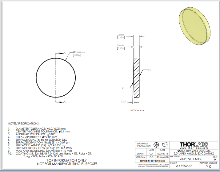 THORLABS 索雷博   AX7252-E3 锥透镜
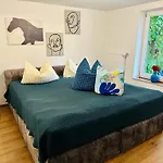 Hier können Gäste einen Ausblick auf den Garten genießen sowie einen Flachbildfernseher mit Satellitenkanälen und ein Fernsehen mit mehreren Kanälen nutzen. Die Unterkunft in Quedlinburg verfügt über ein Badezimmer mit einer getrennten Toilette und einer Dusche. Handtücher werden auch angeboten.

==

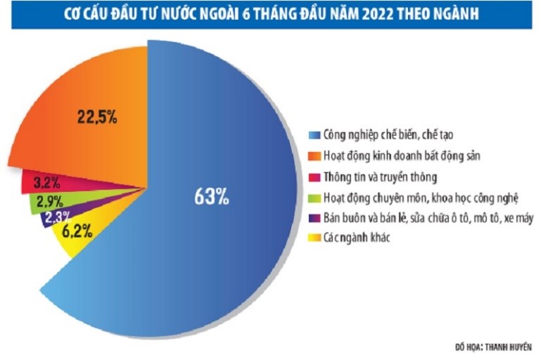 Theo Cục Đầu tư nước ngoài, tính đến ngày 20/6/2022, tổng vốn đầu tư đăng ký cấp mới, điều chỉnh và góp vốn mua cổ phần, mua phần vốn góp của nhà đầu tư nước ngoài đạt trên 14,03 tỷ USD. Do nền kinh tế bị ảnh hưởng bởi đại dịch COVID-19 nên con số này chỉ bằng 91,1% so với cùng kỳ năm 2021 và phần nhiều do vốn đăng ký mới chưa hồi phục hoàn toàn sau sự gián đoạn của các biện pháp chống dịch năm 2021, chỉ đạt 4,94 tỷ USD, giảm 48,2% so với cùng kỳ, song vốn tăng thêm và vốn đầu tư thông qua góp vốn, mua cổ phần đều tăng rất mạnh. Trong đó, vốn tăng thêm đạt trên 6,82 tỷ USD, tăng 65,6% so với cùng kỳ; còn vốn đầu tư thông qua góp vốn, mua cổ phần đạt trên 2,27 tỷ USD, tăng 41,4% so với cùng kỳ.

• [WORK TASK] Return exactly the part of the listing above that opens with the line containing "THORLABS 索雷博   AX7252-E3 锥透镜" and closes with the line containing "Hier können Gäste". Pictures stay out.

• [RESPONSE BOX]
 THORLABS 索雷博   AX7252-E3 锥透镜
 Hier können Gäste einen Ausblick auf den Garten genießen sowie einen Flachbildfernseher mit Satellitenkanälen und ein Fernsehen mit mehreren Kanälen nutzen. Die Unterkunft in Quedlinburg verfügt über ein Badezimmer mit einer getrennten Toilette und einer Dusche. Handtücher werden auch angeboten.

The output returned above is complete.